Following the identification of the desired fluorescent plaques, the next phase involved their purification. This was achieved through plaque digestion and FACS methods. The plaque digestion method is non-expensive, digesting only fluorescent plaques. However, this method is time-consuming and can lead to the loss of the plaques during digestion. For these reasons, we applied the FACS method for the purification of rHVT/Y280. When compared with the plaque digestion method, the FACS method is simpler and more user-friendly. Previous studies applied these methods for the purification of rHVT and successfully obtained the purified rHVT from a mixing pool of rHVT and parent HVT [40,56]. Therefore, the FACS method is recommended to quickly obtain a purified recombinant virus.

Following the purification and proliferation of rHVT/Y280, we assessed its vaccine efficacy. In 3 wpv, the HI titer for rHVT/Y280 (6.8 ± 1.2) was comparable to that of the inactivated H9N2/Y439 (6.6 ± 0.7), but without significant difference (p > 0.05), and slightly lower than that of the inactivated H9N2/Y280 (8.5 ± 1.5). These findings suggest that rHVT/Y280 could induce robust humoral immunity.
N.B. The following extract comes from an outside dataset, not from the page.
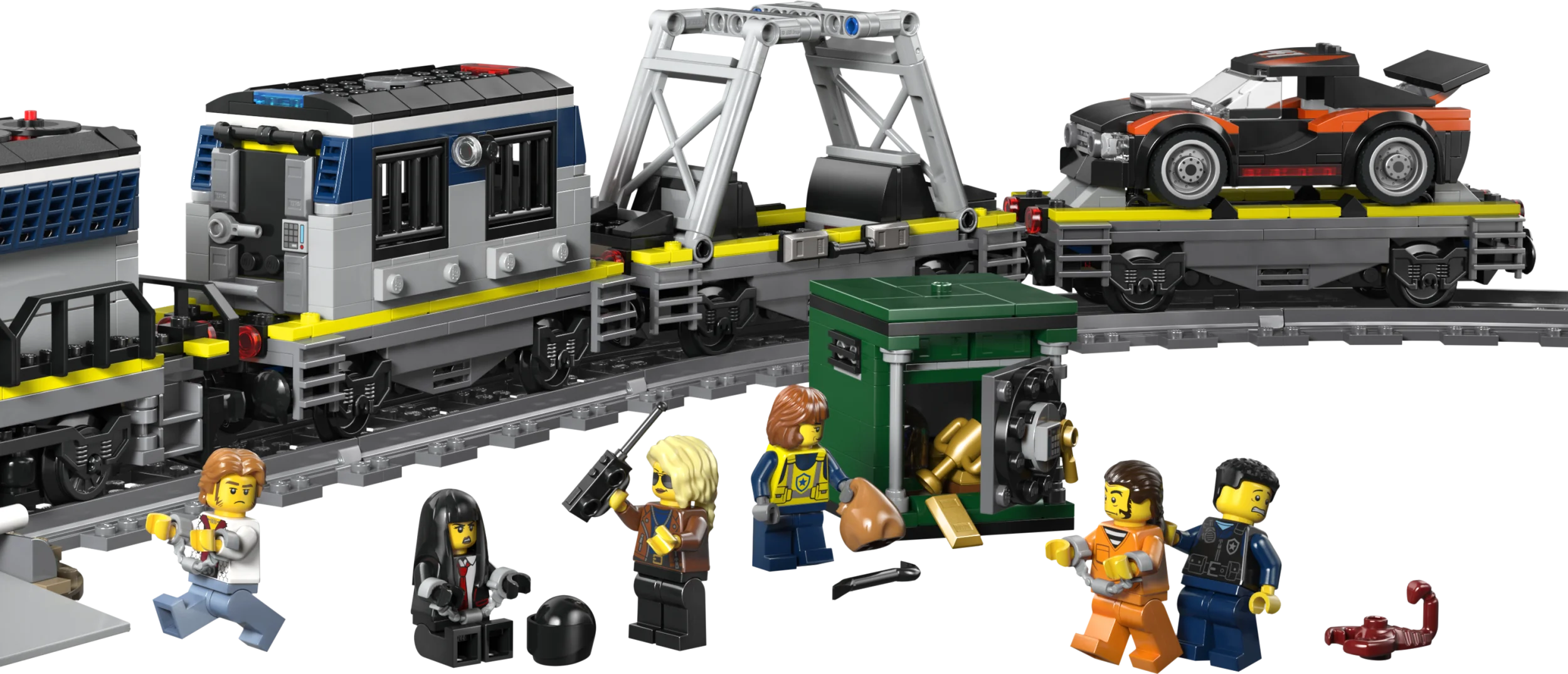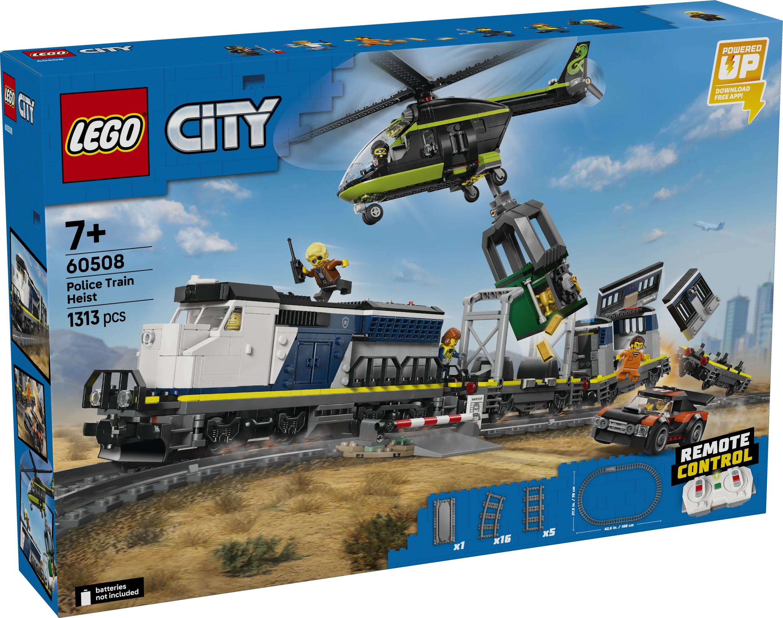 - POLIISIJUNASETTI – LEGO® City Poliisijunan ryöstö rakennussettiin (60508) sisältyy moottoroitu juna, helikopteri, ralliauto, raiteita ja 6 minihahmoa mielikuvitusleikkejä siivittämään

Our findings indicate that virus shedding was absent in OP and CL samples from chickens vaccinated with rHVT/Y280 and inactivated H9N2/Y280 at 5 dpi. This suggests complete suppression of the virus in the upper respiratory and intestinal tracts. Conversely, the virus was detectable in most OP and CL samples in chickens immunized with inactivated H9N2/Y439, indicating that this inactivated vaccine was ineffective in preventing and controlling the virus. A similar pattern was observed in tissue samples, with the virus being undetectable in most samples from the rHVT/Y280 and inactivated H9N2/Y280 groups. However, in the inactivated H9N2/Y439 group, the virus was present in a significant portion of the tissue samples. These results demonstrate that inactivated H9N2/Y439 is no longer effective in providing protection against H9N2/Y280, primarily due to antigenic mismatch. Y280 represents a new lineage of H9N2, underscoring the necessity of developing new vaccines that match emerging viruses. In this study, the inactivated H9N2/Y280 vaccine provided complete protection, as did the rHVT/Y280 containing H9N2/Y280-HA.

5. Conclusions

In conclusion, the recombinant rHVT/Y280 was successfully constructed using the NHEJ-CRISPR/Cas9 gene-editing technology. Following vaccination, the rHVT/Y280 elicited strong humoral immunity, offering substantial protection against H9N2/Y280 strain A21-MRA-003 following a challenge of 2 × 10⁷ EID₅₀. Thus, rHVT/Y280 effectively protected chickens from H9N2/Y280 infection, suggesting its potential as a live vaccine candidate against H9N2/Y280.